次々におじさんたちは自己紹介していき、最後のおじさん(おじいさん?)が言った。

「僕もアフリカ初心者で。アフリカ在住25年です。」

(25年も住んでて、どこがアフリカ初心者なんだよ…)

 

彼らは日本人だがアフリカ慣れしていて、仙人のような雰囲気を醸し出していた。

不思議なのだが、そこに来たおじ様たちは誰一人として居丈高な雰囲気の方はいなかった。

好々爺というか、みなさん話しかけやすそうな感じだった。

アフリカ生活では思い通りに行かないことも多く、25年も住んでいればだんだん人間が練れてくるんでしょうか。

 

よく考えると、さもありなんという感じもする。

便利な先進国では人と接しなくても生活できるが、不便な途上国では、誰かと接しないと買い物や洗濯、仕事など何も回らない。

25年も不便な国で生活や仕事をするなら、そりゃあ、現地人に助けてもらわないと生活できない。

他人を拒否する余裕なんてないんだろう。

長年、現地人と日々のコミュニケーションを取りながら生活している経験が、表情に出ているんじゃないだろうか。

 

アフリカ在住25年のツチノコおじ様たちが新橋駅とかにいたら、多分すぐに外国人観光客に道を聞かれるでしょうね。

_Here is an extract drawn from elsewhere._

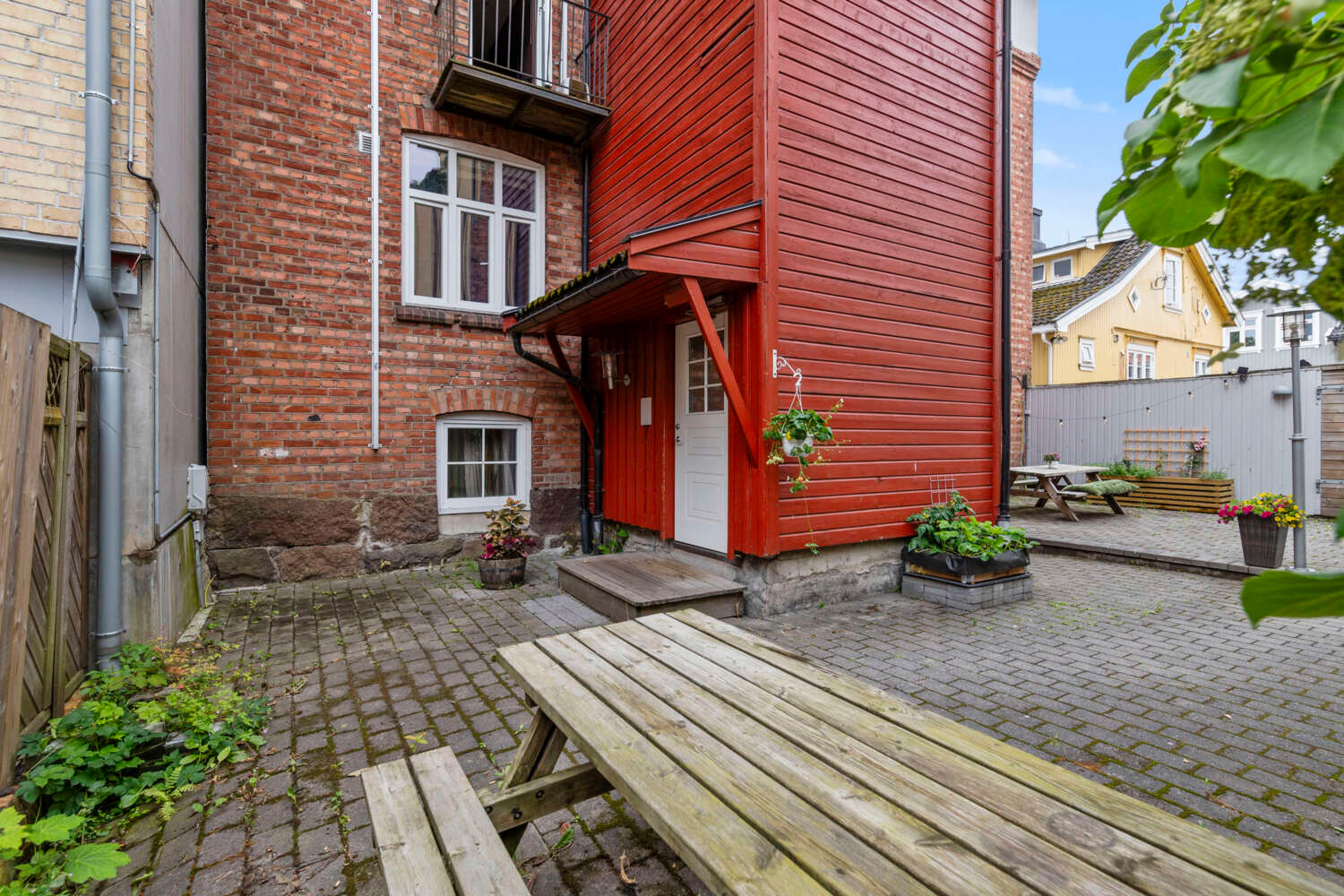 Bygården har inngang fra en skjermet, trivelig bakgård, og ligger kun et kvartal fra Farmandstredet og gå avstand til brygga, bus, togstasjon og sykehus.

彼らに比べたら、私なんかまだまだです(←一体どこを目指しているんだ)。

 

どうでもいいが、レオナルド・ディカプリオも見知らぬ人に話しかけられるタイプらしい。

変装しても話しかけられるという。

芸能人だから、やっぱり普通じゃないオーラがあるんだろう。

結局、人から話しかけられやすいオーラって、相手を受け入れる気持ちがある、というオーラなんでしょうか。